The outbreak of the COVID-19 infectious disease could pose a hazard on the construction of 25 GW of US wind projects representing an investment of USD 35 billion (EUR 32.4bn), the American Wind Energy Association (AWEA) warns.
The US wind sector could lose a total of USD 43 billion in investments and state and local tax payments to rural communities and land-lease payments, the sector organisation said on Thursday, citing initial estimates. Urging Congress to make changes to the schedule of wind deployments and related regulations, it went on to say that the global spread of the novel virus could put over 35,000 jobs at risk, or almost a third of the 114,000 job positions that the industry creates.
"To best protect these jobs and the health of our existing workforce, we are asking Congress to immediately extend the schedule and improve the liquidity of our existing tax credits,” said AWEA's CEO Tom Kiernan.
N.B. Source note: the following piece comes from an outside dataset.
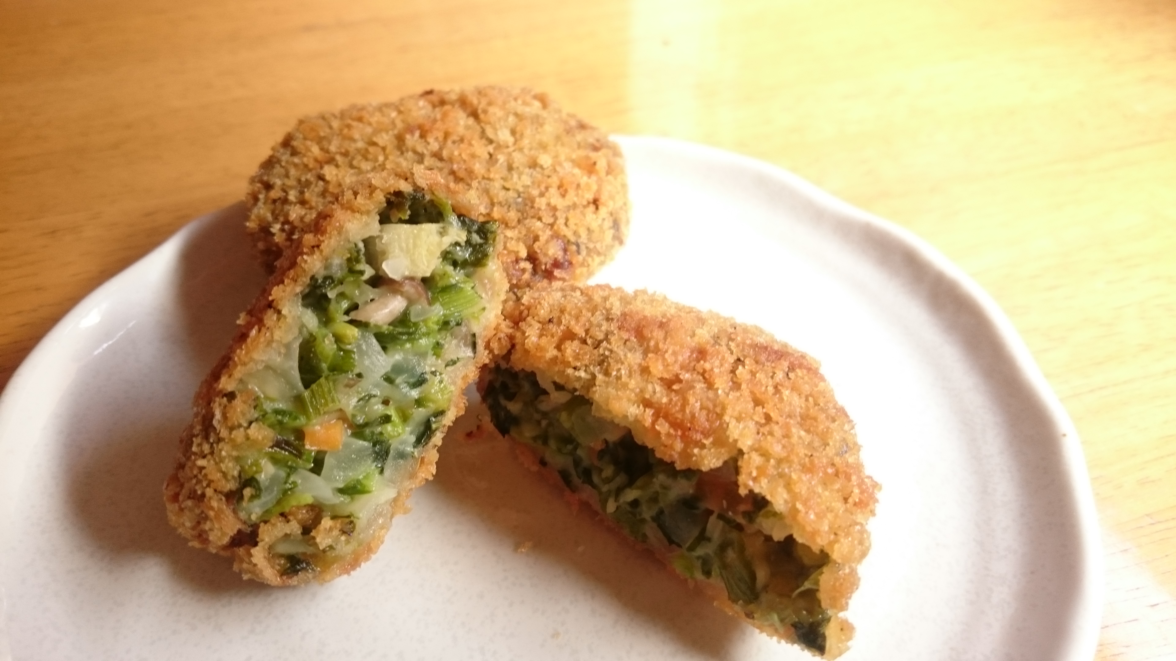 茹でて刻んだ菜の花を混ぜてから硬さを調節すれば、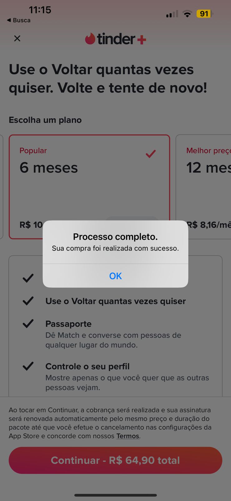 No dia 10/06 eu comprei o pacote Gold do Tinder, e o valor de 64,90 foi descontado,mesmo aparecendo Erro de Compra, domínio TNDRPurchaseRequestErroDomain Codigo:15. Solicitei o reembolso com vocês nao porque nao queria pagar, mas sim porque eu nao recebi o serviço pelo qual paguei ( Assim como mostrado nas fotos ). Não tenho problema nenhum em pagar pelo que COMPREI E FUNCIONA ( O que é o mínimo ) E não é nem pelos 64,90 e sim pelo fato de que foi um pacote de 6 meses ,meses esse que não vou receber. Não me importo em perde um tempo da minha vida para denunciar esta má conduta de vocês, visando que eu tenho como provar que não recebi.

AWEA’s proposal in order to cope with the created uncertainty in the market is for the government to extend the provision of tax incentives by an additional two years to safe harbour projects that have entered construction after December 31, 2015. This will allow the delayed projects to receive the tax credits as originally envisioned, with developers getting direct pay equal to the value of the credits, which in turn will help offset the economic hurdles created by the pandemic.
Last year, the US commissioned 9,143 MW of new wind power generation capacity and had an additional 44,000 MW of projects under construction or in advanced development at end-December.